A random number generator (RNG) produces numbers that have no predictable pattern. This tool uses the Web Crypto API (crypto.getRandomValues), which draws from your operating system's cryptographic random source — the same source used for encryption keys and secure tokens. Each integer in your chosen range has an equal probability of being selected.
Is this random number generator truly random?
This tool uses cryptographically secure pseudorandom number generation (CSPRNG) via the browser's crypto.getRandomValues() API. It is backed by your operating system's entropy pool, which collects unpredictable data from hardware events. While technically pseudorandom, it is considered cryptographically secure and suitable for any non-hardware-RNG use case.
What is the difference between Math.random() and crypto.getRandomValues()?
Math.random() uses a pseudorandom algorithm (typically xorshift128+) that is fast but predictable if the internal state is known. crypto.getRandomValues() uses a cryptographically secure source seeded by OS-level entropy (e.g., hardware interrupts, timing jitter). Use Math.random() for non-critical tasks like animations. Use crypto.getRandomValues() when fairness or unpredictability matters — games, drawings, security tokens.
How do I generate a random number between 1 and 100?
Set the minimum to 1 and the maximum to 100 in the generator above, then click Generate. Both 1 and 100 are included in the range. Each integer from 1 to 100 has an equal 1% chance of being selected.
Can I generate random numbers with no repeats?
Yes. Check the 'No repeats (unique)' option. The generator will ensure every number in the result is different.
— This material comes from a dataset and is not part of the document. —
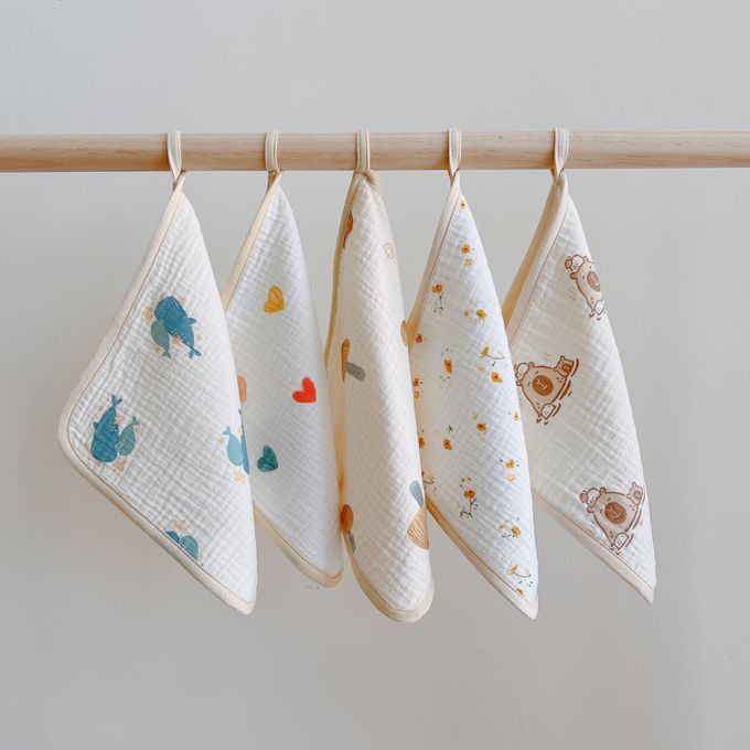 四層紗萬用紗布方巾5件組 (F碼25X25CM)

This is useful for lottery draws, random sampling, and assigning unique IDs. Note: the count cannot exceed the range size when this option is enabled.
What is uniform distribution?
Uniform distribution means every possible outcome has the same probability. In a random number generator with range 1-10, each number has a 10% chance of appearing. This is different from normal (bell curve) distribution where values near the mean are more likely. This tool generates uniformly distributed random integers.
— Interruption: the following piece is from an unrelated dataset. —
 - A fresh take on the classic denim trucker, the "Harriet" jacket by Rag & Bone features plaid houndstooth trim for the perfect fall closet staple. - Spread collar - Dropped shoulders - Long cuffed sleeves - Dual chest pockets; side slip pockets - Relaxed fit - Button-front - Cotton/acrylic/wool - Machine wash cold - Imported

Can I use this for lottery numbers?
You can use this tool to generate random numbers in any range, which works for picking lottery-style numbers. Enable 'No repeats' and set your range to match the lottery format (e.g., 1-49 for 6 numbers). Note: no tool can improve your odds of winning — every valid combination has the same probability.
Is this suitable for scientific random sampling?
For basic random sampling (selecting random participants, randomizing order), this tool is appropriate. It uses a cryptographically secure source with uniform distribution. For advanced statistical needs requiring specific distributions (normal, Poisson, etc.) or reproducible sequences with a seed, use a statistical software package.
Does this random number generator store my data?
No. All random number generation happens in your browser using JavaScript. Nothing is sent to any server. No inputs, results, or history are stored or logged.
What is the maximum range I can use?
This tool supports any integer range within JavaScript's safe integer limits (−9,007,199,254,740,991 to 9,007,199,254,740,991). For practical use, any range you would realistically need is supported.